↓

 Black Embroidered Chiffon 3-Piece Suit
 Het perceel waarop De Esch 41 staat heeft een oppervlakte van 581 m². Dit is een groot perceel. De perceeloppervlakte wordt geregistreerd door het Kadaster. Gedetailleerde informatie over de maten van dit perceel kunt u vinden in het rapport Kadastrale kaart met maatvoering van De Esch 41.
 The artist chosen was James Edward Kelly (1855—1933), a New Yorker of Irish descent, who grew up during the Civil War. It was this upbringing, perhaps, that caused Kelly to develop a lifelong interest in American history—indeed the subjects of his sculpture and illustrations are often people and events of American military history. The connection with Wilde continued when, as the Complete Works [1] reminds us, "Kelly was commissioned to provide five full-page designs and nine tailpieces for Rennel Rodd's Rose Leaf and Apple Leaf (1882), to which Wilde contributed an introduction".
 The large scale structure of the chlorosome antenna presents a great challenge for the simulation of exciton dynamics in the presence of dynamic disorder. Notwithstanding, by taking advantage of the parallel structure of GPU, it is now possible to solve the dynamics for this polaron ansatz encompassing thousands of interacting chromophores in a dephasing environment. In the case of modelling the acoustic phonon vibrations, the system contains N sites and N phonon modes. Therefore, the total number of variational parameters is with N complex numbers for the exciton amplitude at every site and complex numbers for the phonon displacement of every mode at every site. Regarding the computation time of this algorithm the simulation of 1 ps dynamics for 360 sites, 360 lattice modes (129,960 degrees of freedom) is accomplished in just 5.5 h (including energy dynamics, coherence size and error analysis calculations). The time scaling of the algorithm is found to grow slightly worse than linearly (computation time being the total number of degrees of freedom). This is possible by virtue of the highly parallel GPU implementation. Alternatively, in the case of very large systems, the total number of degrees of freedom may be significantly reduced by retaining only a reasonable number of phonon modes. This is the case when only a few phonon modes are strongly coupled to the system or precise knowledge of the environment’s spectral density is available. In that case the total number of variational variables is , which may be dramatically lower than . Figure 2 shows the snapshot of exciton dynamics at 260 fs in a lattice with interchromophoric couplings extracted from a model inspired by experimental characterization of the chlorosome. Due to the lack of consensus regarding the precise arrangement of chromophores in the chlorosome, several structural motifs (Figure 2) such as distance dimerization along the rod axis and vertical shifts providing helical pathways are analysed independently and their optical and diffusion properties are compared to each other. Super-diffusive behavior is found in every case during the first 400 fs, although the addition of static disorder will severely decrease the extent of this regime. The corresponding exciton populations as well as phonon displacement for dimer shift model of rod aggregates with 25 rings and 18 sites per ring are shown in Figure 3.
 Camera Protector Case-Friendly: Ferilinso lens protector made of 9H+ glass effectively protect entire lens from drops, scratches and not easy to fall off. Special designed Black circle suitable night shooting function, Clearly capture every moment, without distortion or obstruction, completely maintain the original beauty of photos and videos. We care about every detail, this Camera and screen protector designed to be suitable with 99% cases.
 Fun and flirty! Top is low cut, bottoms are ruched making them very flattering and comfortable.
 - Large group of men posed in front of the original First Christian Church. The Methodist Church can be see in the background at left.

↑

Look through the entries. Copy out each line with "original" in it.

* **Result of this exercise**
 Camera Protector Case-Friendly: Ferilinso lens protector made of 9H+ glass effectively protect entire lens from drops, scratches and not easy to fall off. Special designed Black circle suitable night shooting function, Clearly capture every moment, without distortion or obstruction, completely maintain the original beauty of photos and videos. We care about every detail, this Camera and screen protector designed to be suitable with 99% cases.
 - Large group of men posed in front of the original First Christian Church. The Methodist Church can be see in the background at left.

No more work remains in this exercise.